Joaquín Valverde Durán (27 February 1846 in Badajoz – 17 March 1910 in Madrid) was a Spanish composer, conductor and flautist. As a composer he is known for his collaborations on zarzuelas (he has been described as "the collaborative musician par excellence"). He was also the father of Joaquín "Quinito" Valverde Sanjuán, who achieved a greater level of fame.

He studied at the Madrid Conservatory under José Aranguren (harmony), Pedro Sarmiento (flute) and Emilio Arrieta (composition). He was a brilliant flautist, playing in military bands and theatre orchestras from the age of 13, and winning first prize in flute at the Conservatory in 1867. He won the composition prize in 1870. He wrote two manuals for flautists (1874; La flauta: su historia, su estudia, 1886). Between 1871 and 1889 he was a professional theatre conductor.

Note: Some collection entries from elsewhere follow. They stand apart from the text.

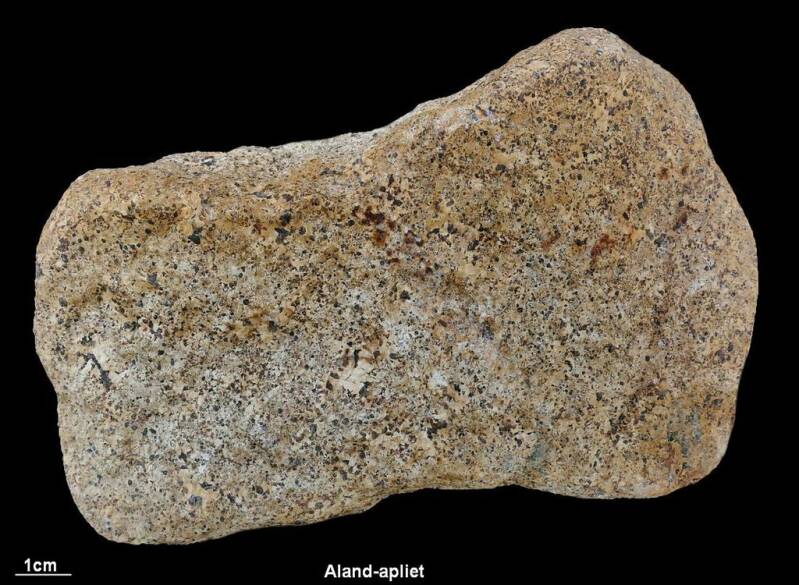 Als zwerfsteen is Aland-apliet volstrekt niet zeldzaam. Soms komen we zwerfstenen tegen waarin het gangkarakter (spleetvulling) van de apliet duidelijk zichtbaar is.
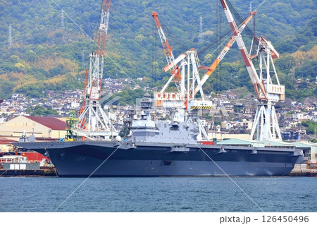 【広島県】晴天の海上自衛隊 呉基地に停泊する大型護衛艦 かが
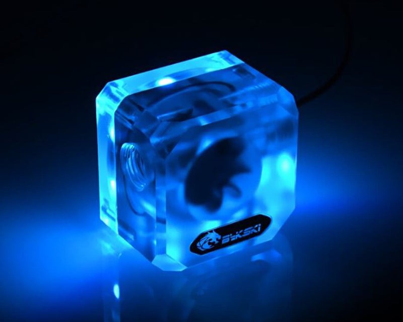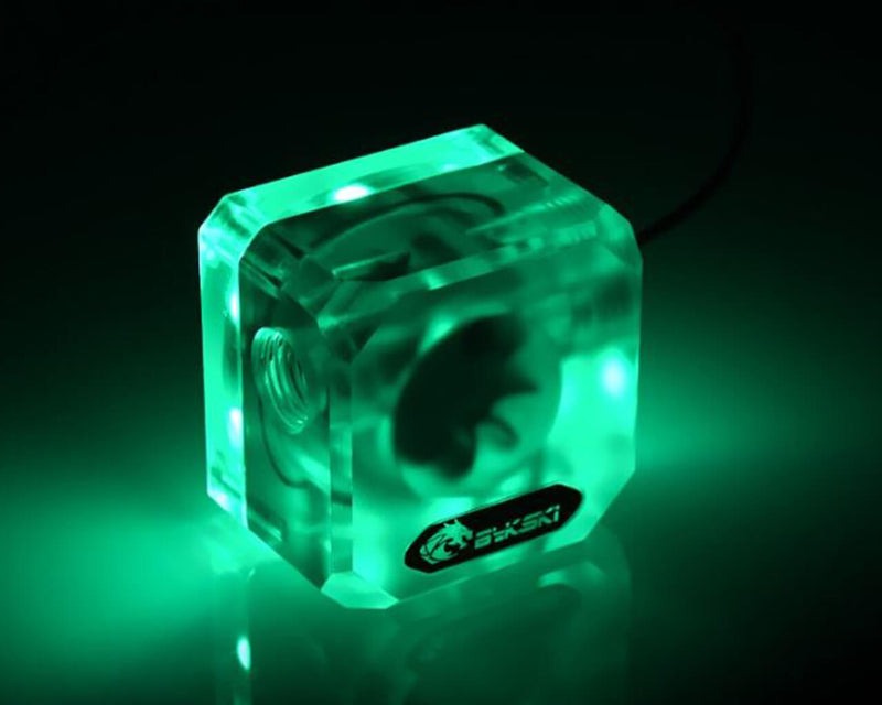 The Bykski 3-Way Flow Indicator is a square shape with ports on 3 sides. This gives a range of options when you integrate into your loop.
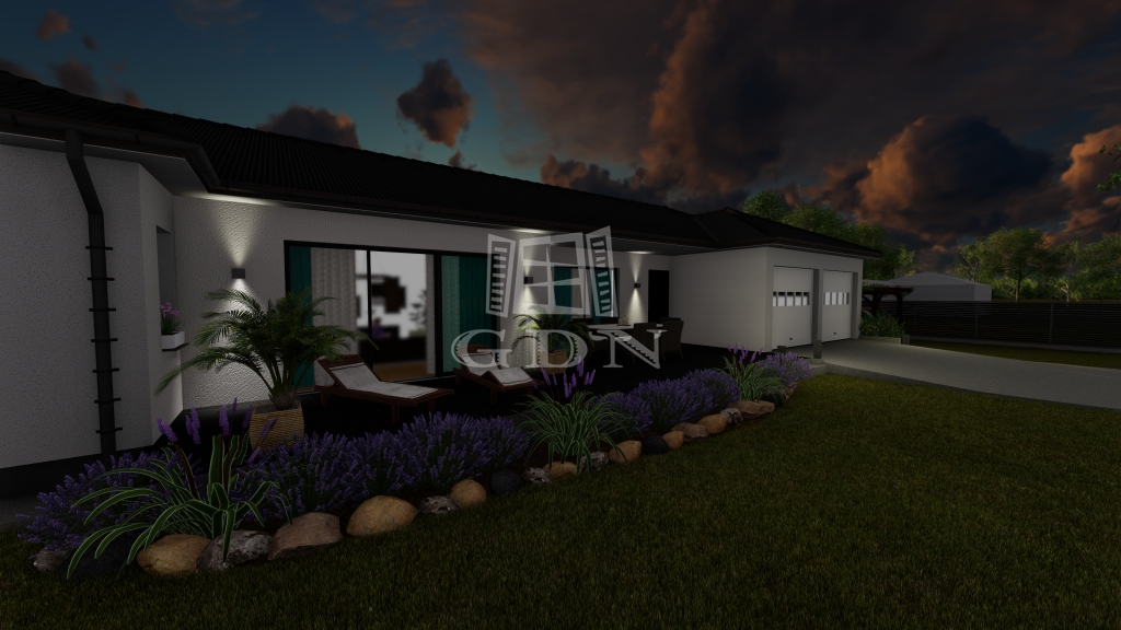 Jelen tervek szerint lakás alapterülete 151,33 m2 + 36 m2-es garázs + 43 m2-es terasz.
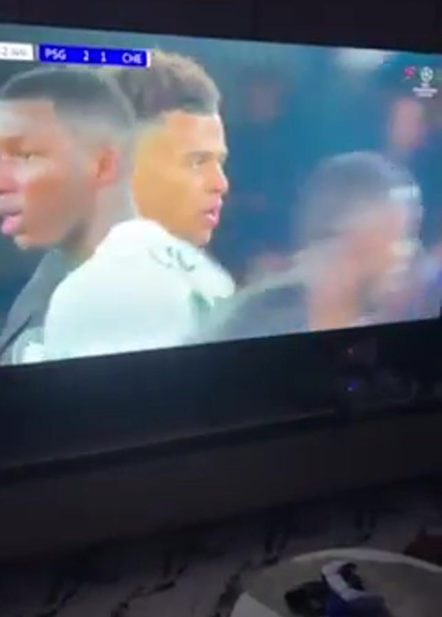 television screen displaying a soccer game. The score is PSG 2, CHE 1. The video zooms in on two players in close proximity and a potential dispute, then zooms out to show the entire field, with players in green and white uniforms. The environment surrounding the television is a domestic setting with a marbled coffee table. There are remote controls, a water bottle and other items on the table.
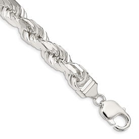 Sterling Silver 9.0mm Diamond-cut Rope Chain

His first symphony Batylo was written in 1871. His reputation as a composer was made, however, with a series of zarzuelas (light operas), written in collaboration with Federico Chueca. It appears that Chueca provided most of the melodies and Valverde provided the orchestral polish. They worked together on Un maestro de obra prima (1877), La Canción de la Lola (1880), Luces y sombras and Fiesta Nacional (both 1882), Cádiz (1886), El año pasado por agua (1889), and other operas. Their masterpiece was La gran vía (Madrid, 2 July 1886), which was played in Spain, Mexico, Argentina, New York, Vienna, and many other theatres in Europe. It was premiered in London in 1906 as Castles in Spain.

A march from Cádiz (originally a hymn to a general, written in 1868 by Chueca alone) proved enormously popular in Spain, and it competed for popularity with the national anthem among the military. Both Valverde and Chueca were awarded the Military Grand Cross.

Valverde also collaborated with Manuel Fernández Caballero, Julián Romea, Ruperto Chapí, Arturo Saco del Valle, José Rogel, Tomás Bretón, Tomás López Torregrosa and José Serrano (La suerte loca, 1907). Less successful were operas Valverde wrote alone, such as La baraja francesa (1890).

His other works include two symphonies and over 200 other orchestral works.

His son "Quinito" Valverde (Joaquín Valverde Sanjuán) carried on his father's tradition.

==Sources==
- Grove's Dictionary of Music and Musicians, 5th ed., 1954, Eric Blom, ed.